Before ten o'clock, surrounding the body, having already run the length of the track, two sides, body to body.
Before ten o'clock, surrounding the body, having already run the length of the track, two sides, body to body, the only visible action took place at the starting line where now and then a chariot surged, grasping the glittering helmet, bounding forward, wounding his arm, with each cloud of dust, and he descended, staggering from his burden that the pit crew rushed to fill with gasoline and to re-launch onto the track, with a clean rag upon his fresh wound, on his arm the blood flowing, immense cheers arise.
The bronze digging into the crack of the breast-plate, plunges into the entrails.

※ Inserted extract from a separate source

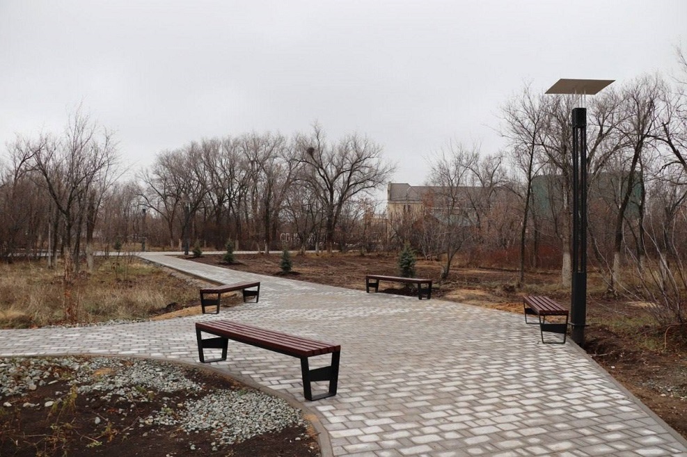 Работы велись в несколько этапов: обустроены прогулочные дорожки с тротуарной плиткой, созданы места для отдыха со скамейками, обновлена система уличного освещения, выполнено озеленение.

For another eighty kilometers of the circuit.
For another hour of brutal madness.
The bronze plate bracing their chests resonates horrifically, and from it spills a black blood that they wash with tepid water.

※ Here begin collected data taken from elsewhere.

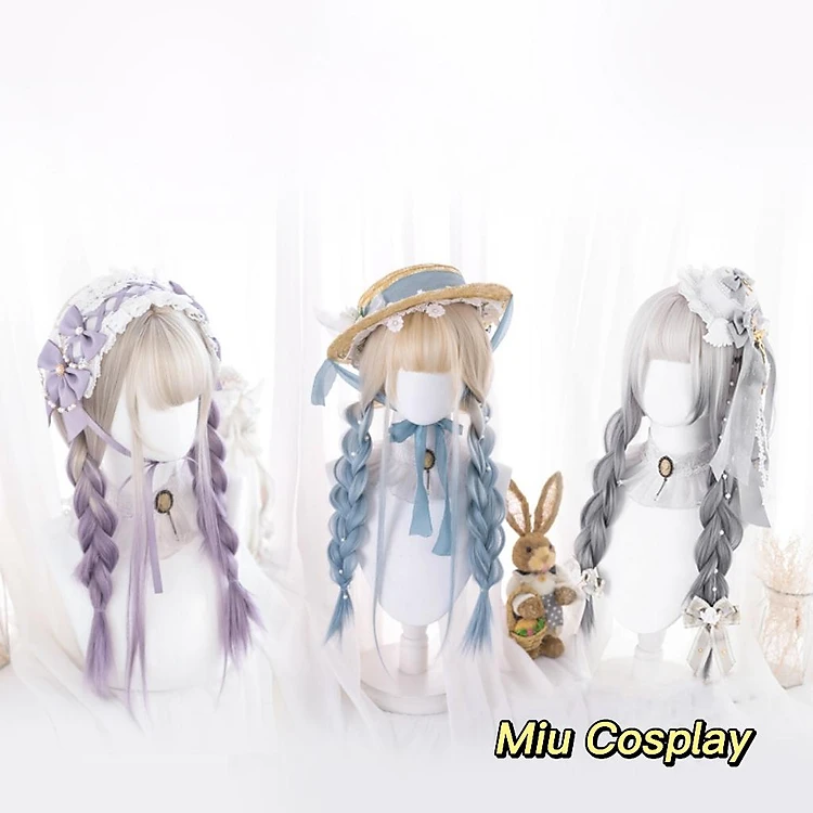 [sẵn] Wig/Tóc giả Ombre dễ thương vintage mix màu tím, xanh, xám - Teen/Lolita A25/A89/A75 [Miu Cosplay]
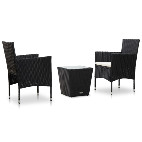 Teljes vidaXL 3-részes fekete polyrattan és edzett üveg bisztrószett termékleírás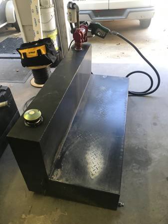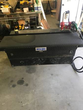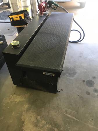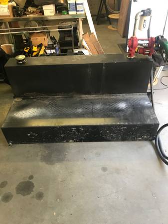 Custom Aluminum tank 90 Gallons with electric fuel pump.Black powder coated. Has a Better Built aluminum tool box that the tank was designed to fit around. Was installed on a 2015 GMC 2500 HD. Bolt...

III. La Lutte - The Struggle
Georges Aperghis was born in Athens, Greece, on December 23, 1945. His father Achilles, a sculptor, and his mother Irene, a painter, gave him a rich artistic background in post-war Greece and allowed him great freedom, providing the basis for what has become a highly original, independent career as a composer. Mainly self-taught, Aperghis divided his interest between painting and music. By 1963, he had decided to give up painting and settled in Paris to continue studying music. His earliest works show the influence both of serialism and of Xenakis, and he soon gravitated towards the work of John Cage and Mauricio Kagel and towards the theatre. In 1971, Aperghis composed La tragique histoire du nécromancien Hieronimo et de son miroir, for two women's voices, speaking and singing, lute and cello. It was his first attempt at music theatre, demonstrating a fascination with the relationship between music, words and the stage, which he continues to explore today. Since 1976, he has divided his time between three central passions. After founding the Atelier Théâtre et Musique (ATEM), based in Bagnolet for 15 years, now in Nanterre, he completely changed his approach to composition. He began creating performances that used both actors and musicians; he based works on everyday events transported to a poetic, often absurd and satirical world. He treated voice, instrument, movement, text and staging equally, eschewing standard theatrical and orchestral hierarchies. A prolific and unfailingly inventive composer, Aperghis has produced over 100 works, highly personal and unclassifiable, serious but not lacking in humor, following tradition but free of institutional constraints.